Ingrid Gessner, Miriam Nandi, Juliane Schwarz-Bierschenk
September 30, 2019
“No ideas but in things!” William Carlos Williams’s leitmotif for the modernist epic Paterson seems to anticipate the current renewal of academic attention to the materialities of culture: When the Smithsonian Institution accounts for The History of America in 101 Objects (Kurin) or when Neil MacGregor, designated director of the Humboldt Forum in Berlin, aims at telling The History of the World in 100 Objects (2011), they use specimens of material culture as register and archive of human activity. Individual exhibitions explore the role of objects in movements for social and political change ( Disobedient Objects , Victoria and Albert Museum, London).
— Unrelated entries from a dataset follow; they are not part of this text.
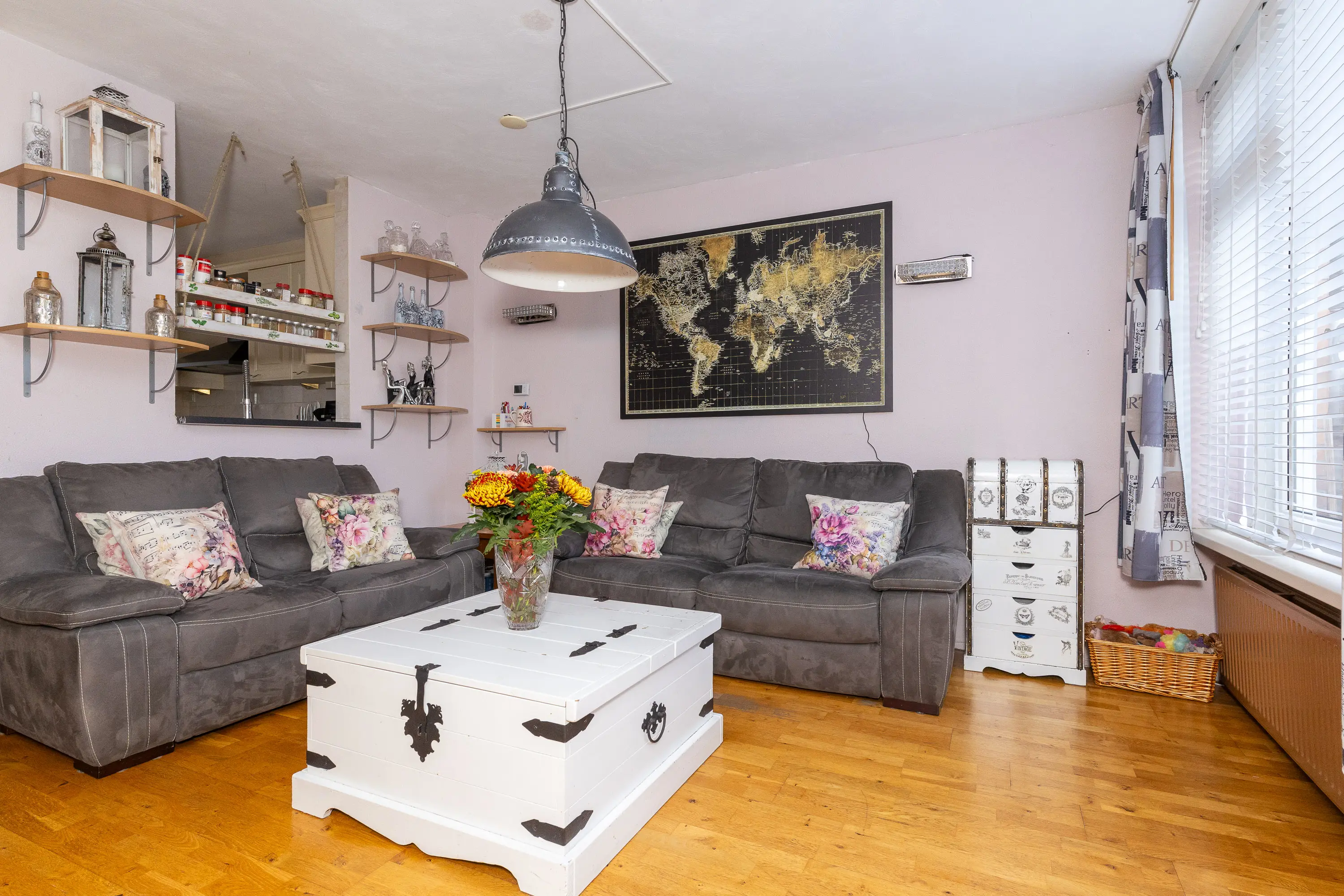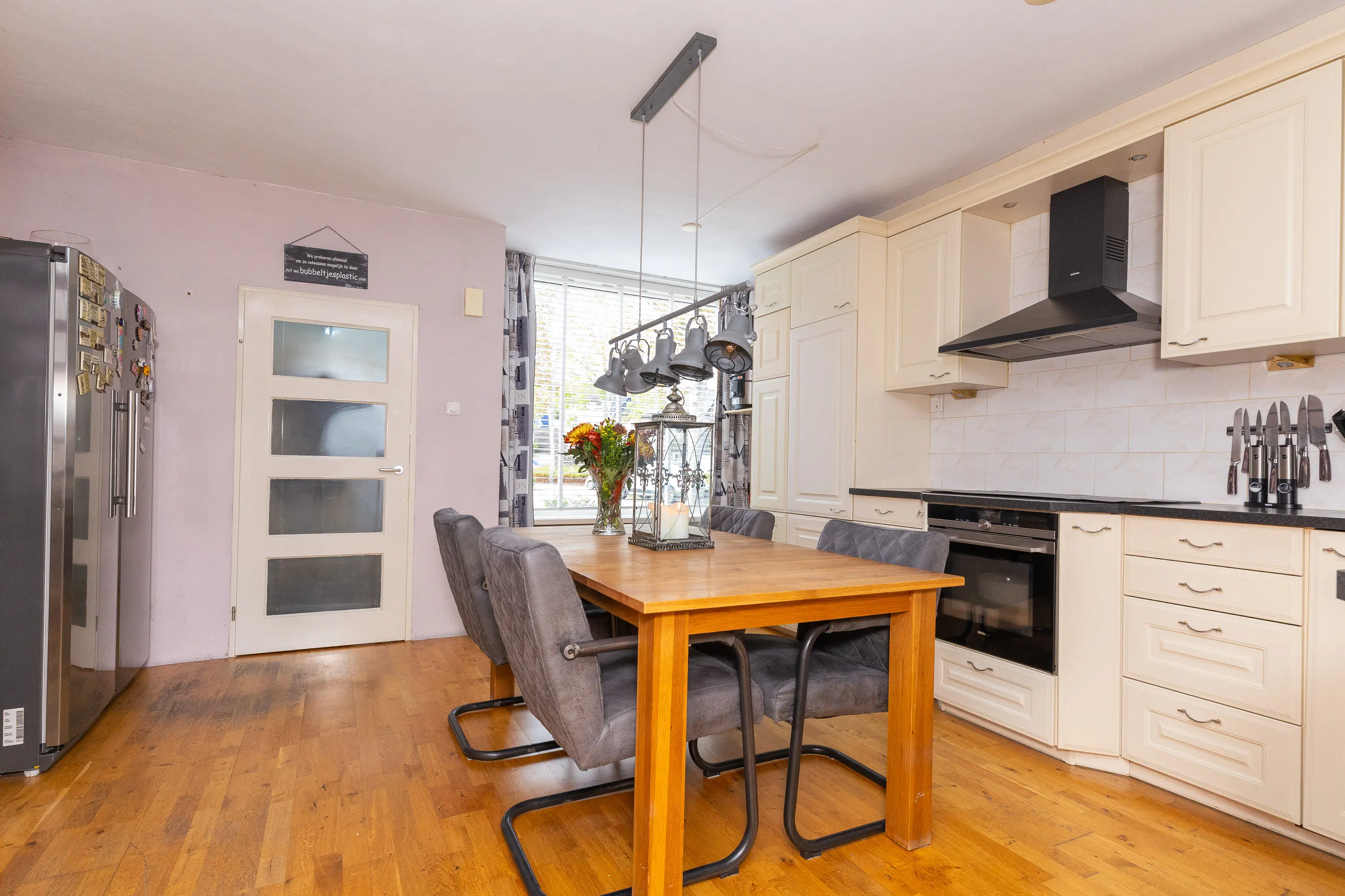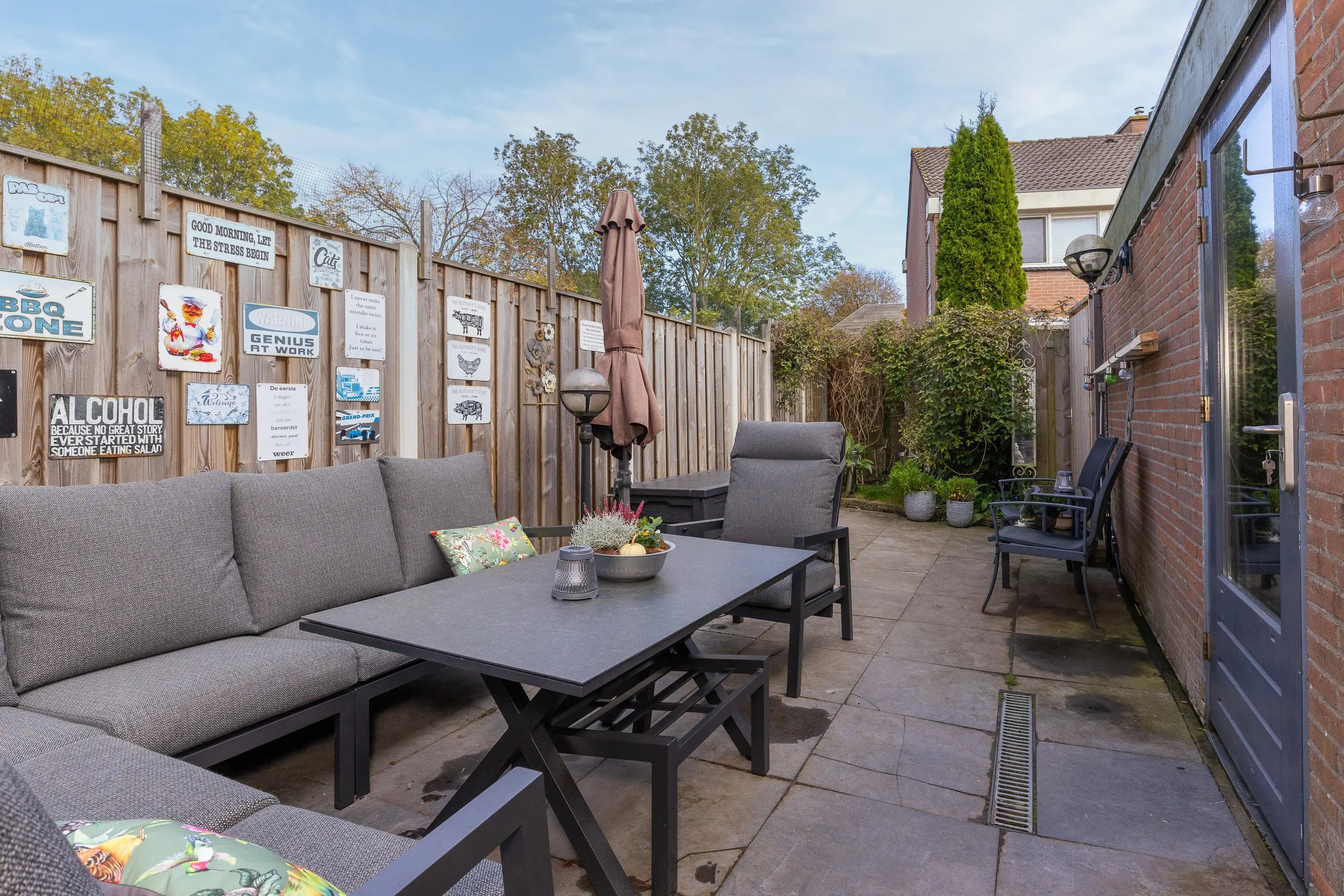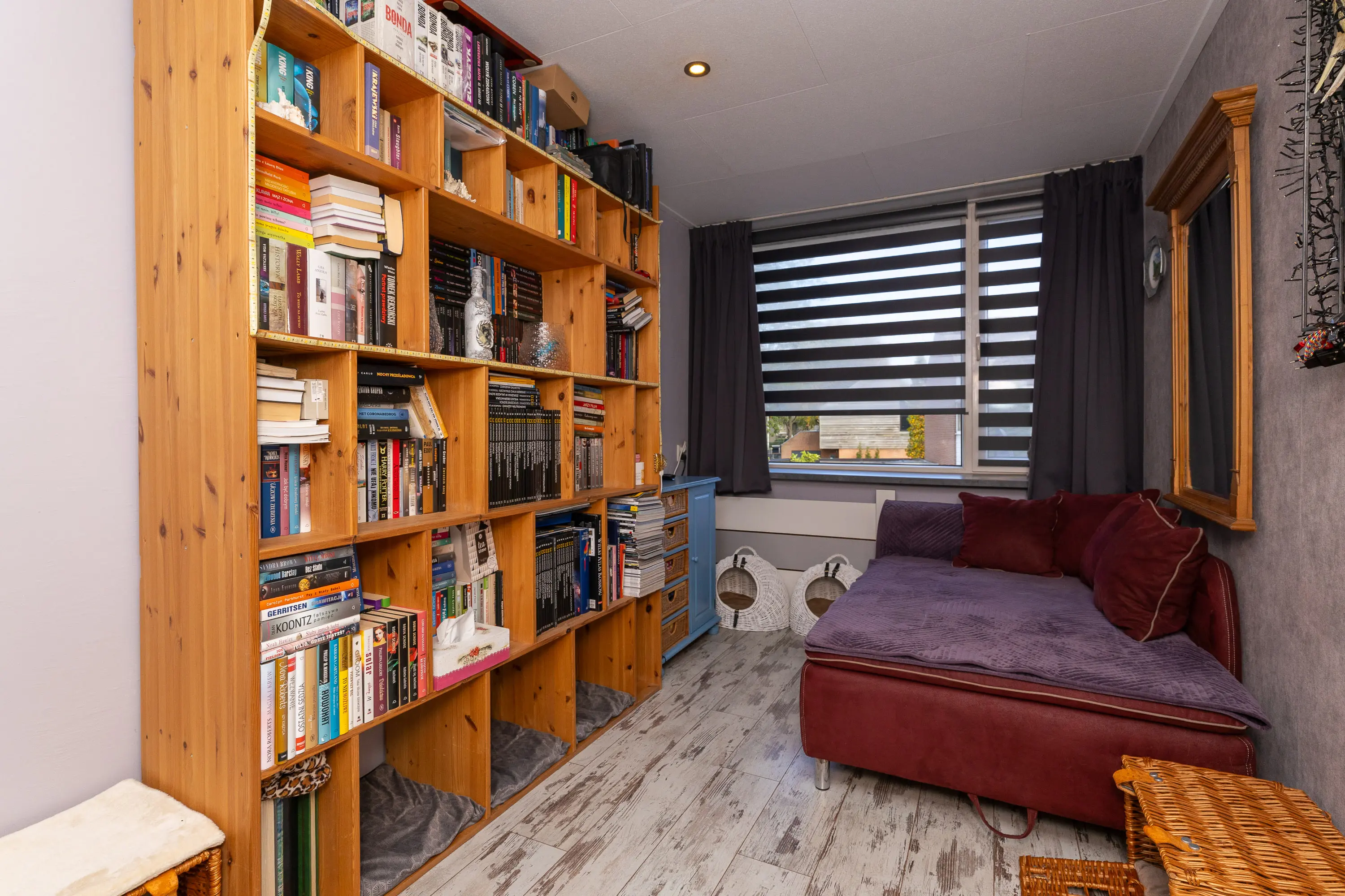De tuingerichte woonkamer biedt veel privacy en een warme, huiselijke sfeer. De grote raampartij zorgt voor een fijne lichtinval en een mooie verbinding met de onderhoudsvriendelijke achtertuin, bereikbaar via de aangebouwde bijkeuken.
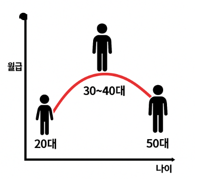 보통 사회에 첫발을 내딛는 20대 초반에는 임금 수준이 낮습니다. 이 시기에는 경력이 짧고 협상력이 부족하기 때문에 임금탄력성이 낮습니다. 쉽게 말해, 회사나 업종을 옮긴다고 해도 월급이 크게 오르기 힘든 시기라는 뜻입니다. 다만 경력과 경험이 쌓여가면서 임금 상승 속도는 가파르게 커집니다.
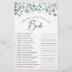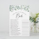 Chá de panela "como você conhece bem a noiva", com elegante sábio verde eucalipto verde-verde-água e "noiva" em um roteiro de na moda. Personalize as perguntas e adicione o nome da noiva e a data do chá no verso.
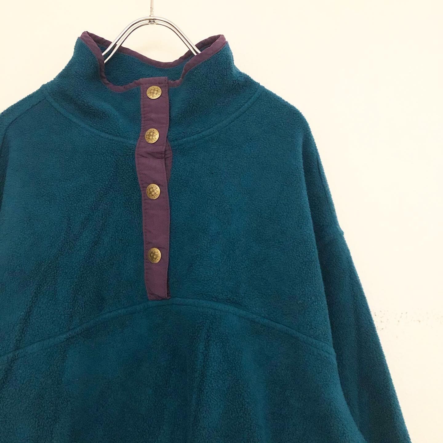 USA製ウールリッチのプルオーバーフリースです。グリーンカラーに紫色のパイピングと金ボタンが良く映えます。ダボっと程よい大きさで丸みを帯びたシルエット◎ アウトドアでの使用もお勧めです。
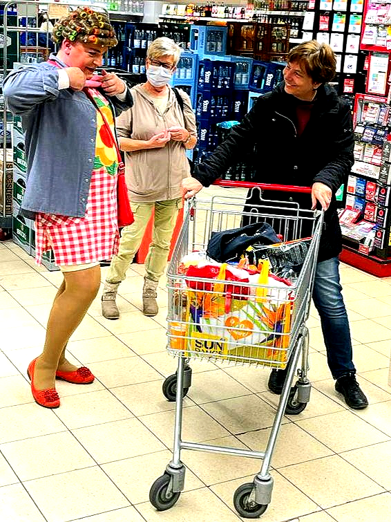 Da haben Kunden und Angestellte aber gestaunt. Ist das etwa die neue Mitarbeiterin? Na, dann wird´s jetzt aber lustig!

Large-scale national museum projects like the new Humboldt Forum in Berlin or the National Museum of African American History and Culture in Washington, D.C., draw attention to the long existence of collections in Western institutions of learning and reveal the inherently political character of material culture—be that by underscoring the importance of institutional recognition of particular identities or by debates about provenance and restitution of human remains and status objects. The plethora of objects assembled in systematic as well as idiosyncratic collections within and outside the university is just beginning to be systematically explored for their roles in learning and education, funded by national research organizations such as the German BMBF.1 In theatrical performances, things function as discussion prompts in biographical work ( Aufstand der Dinge , Schauspielhaus Chemnitz) or unfold their potential to induce a bodily experience ( The Force of Things: An Opera for Objects , GK Arts Center, Brooklyn, NY). Things are present: as heritage, as commodities, as sensation; they circulate in processes of cognition and mediation, they transcend temporal and spatial distantiations. Things figure in narration and performance, in our everyday life practices, in political activism. They build knowledge of ourselves and others, influence the ways in which we interact with our fellow human beings, and in which we express or control our feelings. They combine the apparently concrete and the fleetingly abstract. Overall, things make us do things.